WORK TASK >> Look below for the line that contains "Share this:TwitterFacebook Related" and the line that contains "Sabato 27 maggio, alle", then restate both of them and every line in between, exactly. No picture goes in the copy.

PROVIDED INFORMATION >>
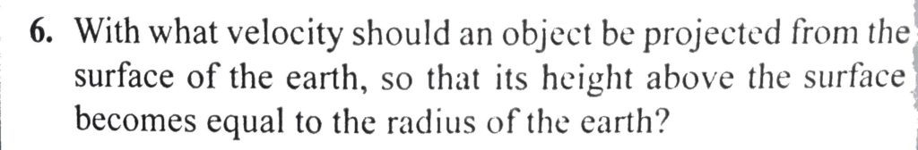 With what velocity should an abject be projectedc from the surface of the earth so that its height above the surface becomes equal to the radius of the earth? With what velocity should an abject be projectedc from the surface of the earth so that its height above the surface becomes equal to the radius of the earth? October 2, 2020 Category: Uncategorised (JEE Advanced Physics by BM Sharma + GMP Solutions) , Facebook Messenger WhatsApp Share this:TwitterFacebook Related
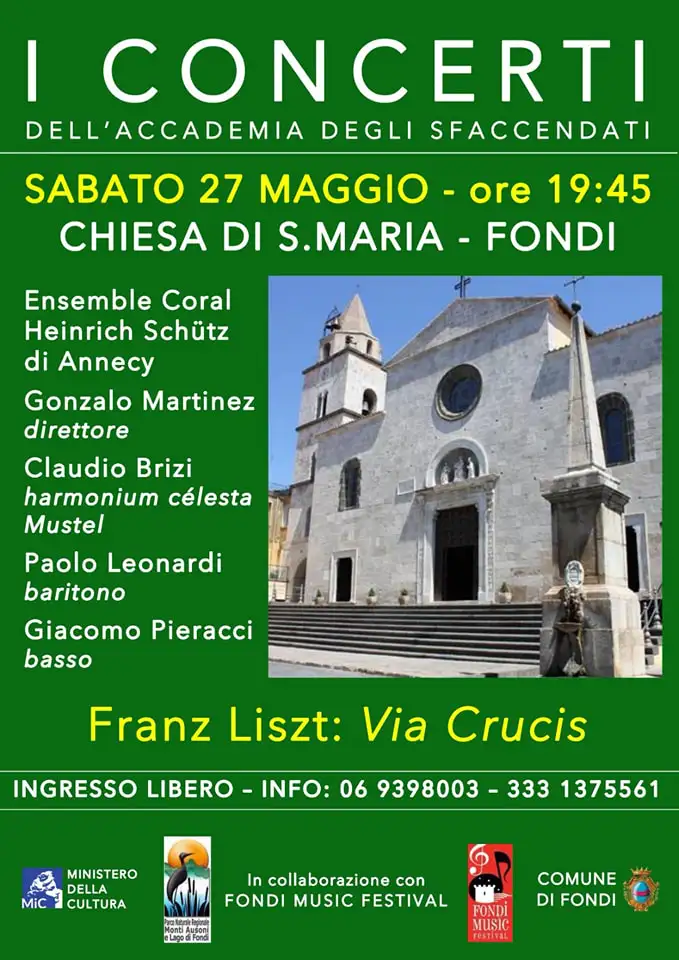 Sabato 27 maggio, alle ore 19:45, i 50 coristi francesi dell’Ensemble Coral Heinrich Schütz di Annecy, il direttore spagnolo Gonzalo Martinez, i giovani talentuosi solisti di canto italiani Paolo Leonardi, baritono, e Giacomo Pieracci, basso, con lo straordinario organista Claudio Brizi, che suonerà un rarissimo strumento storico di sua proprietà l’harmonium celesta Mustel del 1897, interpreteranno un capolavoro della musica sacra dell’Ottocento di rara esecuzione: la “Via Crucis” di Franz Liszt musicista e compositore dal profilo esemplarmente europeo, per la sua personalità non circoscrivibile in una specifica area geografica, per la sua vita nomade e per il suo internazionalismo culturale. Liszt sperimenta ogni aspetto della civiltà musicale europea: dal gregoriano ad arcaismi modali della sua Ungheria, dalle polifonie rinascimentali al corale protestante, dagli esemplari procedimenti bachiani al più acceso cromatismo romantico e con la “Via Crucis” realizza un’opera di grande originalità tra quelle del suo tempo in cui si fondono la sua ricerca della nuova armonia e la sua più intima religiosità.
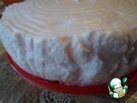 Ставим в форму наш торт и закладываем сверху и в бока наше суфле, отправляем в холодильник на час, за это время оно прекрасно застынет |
==
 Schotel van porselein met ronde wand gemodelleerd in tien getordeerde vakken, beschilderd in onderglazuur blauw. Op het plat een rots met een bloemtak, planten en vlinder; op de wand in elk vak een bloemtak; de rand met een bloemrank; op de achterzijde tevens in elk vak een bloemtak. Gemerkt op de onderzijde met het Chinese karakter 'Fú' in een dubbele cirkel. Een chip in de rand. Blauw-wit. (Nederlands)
...
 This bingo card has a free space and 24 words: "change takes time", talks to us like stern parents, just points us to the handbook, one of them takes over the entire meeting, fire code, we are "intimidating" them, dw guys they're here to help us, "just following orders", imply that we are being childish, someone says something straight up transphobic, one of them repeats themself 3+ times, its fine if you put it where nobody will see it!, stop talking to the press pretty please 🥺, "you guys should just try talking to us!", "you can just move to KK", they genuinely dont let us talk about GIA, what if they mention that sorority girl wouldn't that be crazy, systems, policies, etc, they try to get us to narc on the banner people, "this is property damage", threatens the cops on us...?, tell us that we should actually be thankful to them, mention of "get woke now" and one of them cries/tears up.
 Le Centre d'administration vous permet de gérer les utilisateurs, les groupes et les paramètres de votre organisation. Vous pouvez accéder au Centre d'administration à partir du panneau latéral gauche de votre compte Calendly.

RESULT OF THIS EXERCISE >>
 With what velocity should an abject be projectedc from the surface of the earth so that its height above the surface becomes equal to the radius of the earth? With what velocity should an abject be projectedc from the surface of the earth so that its height above the surface becomes equal to the radius of the earth? October 2, 2020 Category: Uncategorised (JEE Advanced Physics by BM Sharma + GMP Solutions) , Facebook Messenger WhatsApp Share this:TwitterFacebook Related
 Sabato 27 maggio, alle ore 19:45, i 50 coristi francesi dell’Ensemble Coral Heinrich Schütz di Annecy, il direttore spagnolo Gonzalo Martinez, i giovani talentuosi solisti di canto italiani Paolo Leonardi, baritono, e Giacomo Pieracci, basso, con lo straordinario organista Claudio Brizi, che suonerà un rarissimo strumento storico di sua proprietà l’harmonium celesta Mustel del 1897, interpreteranno un capolavoro della musica sacra dell’Ottocento di rara esecuzione: la “Via Crucis” di Franz Liszt musicista e compositore dal profilo esemplarmente europeo, per la sua personalità non circoscrivibile in una specifica area geografica, per la sua vita nomade e per il suo internazionalismo culturale. Liszt sperimenta ogni aspetto della civiltà musicale europea: dal gregoriano ad arcaismi modali della sua Ungheria, dalle polifonie rinascimentali al corale protestante, dagli esemplari procedimenti bachiani al più acceso cromatismo romantico e con la “Via Crucis” realizza un’opera di grande originalità tra quelle del suo tempo in cui si fondono la sua ricerca della nuova armonia e la sua più intima religiosità.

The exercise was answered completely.